The ROBUSTREG Procedure

Leverage-Point and Outlier Detection

The regular variable LEVERAGE is defined as

\[ {\mbox{LEVERAGE }} = \left\{ \begin{array}{ll} 0 & {\mbox{ if }} \mr{RD}(\mb{x}_ i) \leq C(p) \\ 1 & {\mbox{ otherwise }} \end{array} \right. \]

where $C(p) = {\sqrt {\chi ^2_{p; 1-\alpha }}}$ is the cutoff value. $C(p)$ can be set by using the leverage CUTOFF= option, and $\alpha $ can be set by using the leverage CUTOFFALPHA= option.

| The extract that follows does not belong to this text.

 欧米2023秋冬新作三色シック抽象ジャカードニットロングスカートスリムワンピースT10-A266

If projected robust distances are computed for a data set that has a low-dimensional structure, the default cutoff value is $C(q) = {\sqrt {\chi ^2_{q; 1-\alpha }}}$, where q is the dimensionality of the low-dimensional space. LEVERAGE is then defined as

\[ {\mbox{LEVERAGE }} = \left\{ \begin{array}{ll} 0 & {\mbox{ if POD}}(\mb{x}_ i)=0 {\mbox{ and PRD}}(\mb{x}_ i) \leq C(q) \\ 1 & {\mbox{ if POD}}(\mb{x}_ i)=0 {\mbox{ and PRD}}(\mb{x}_ i)>C(q) {\mbox{ (called in-plane leverage)}}\\ 1 & {\mbox{ if POD}}(\mb{x}_ i)>0 {\mbox{ (called off-plane leverage)}}\\ \end{array} \right. \]

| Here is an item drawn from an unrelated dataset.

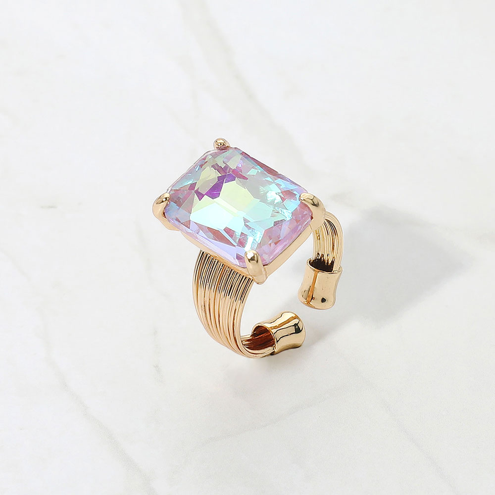Details • Size : 0.5" X 0.7" • Adjustable • Make a bold impression with this rectangular stone cocktail ring, featuring a faceted centerpiece set in a textured band. A perfect balance of sophistication and edge, ideal for elevating both casual and evening looks. • Lead and Nickel Compliant

where POD is the projected off-plane distance and PRD denotes the projected robust distance. You can specify a cutoff value by using the CUTOFF= or CUTOFFALPHA= suboption of the LEVERAGE option in the MODEL statement.

Residuals $ r_ i, i=1,\ldots ,n$, based on robust regression estimates are used to detect vertical outliers. The variable OUTLIER is defined as

\[ {\mbox{OUTLIER }} = \left\{ \begin{array}{ll} 0 & {\mbox{ if }} |r_ i| \leq k{\hat\sigma } \\ 1 & {\mbox{ otherwise }} \end{array} \right. \]

where ${\hat\sigma }$ is the estimated scale in the model and the multiplier $ k$ of the cutoff value is specified by the CUTOFF= option in the MODEL statement. By default, k = 3.

An ODS table called Diagnostics contains the LEVERAGE and OUTLIER variables.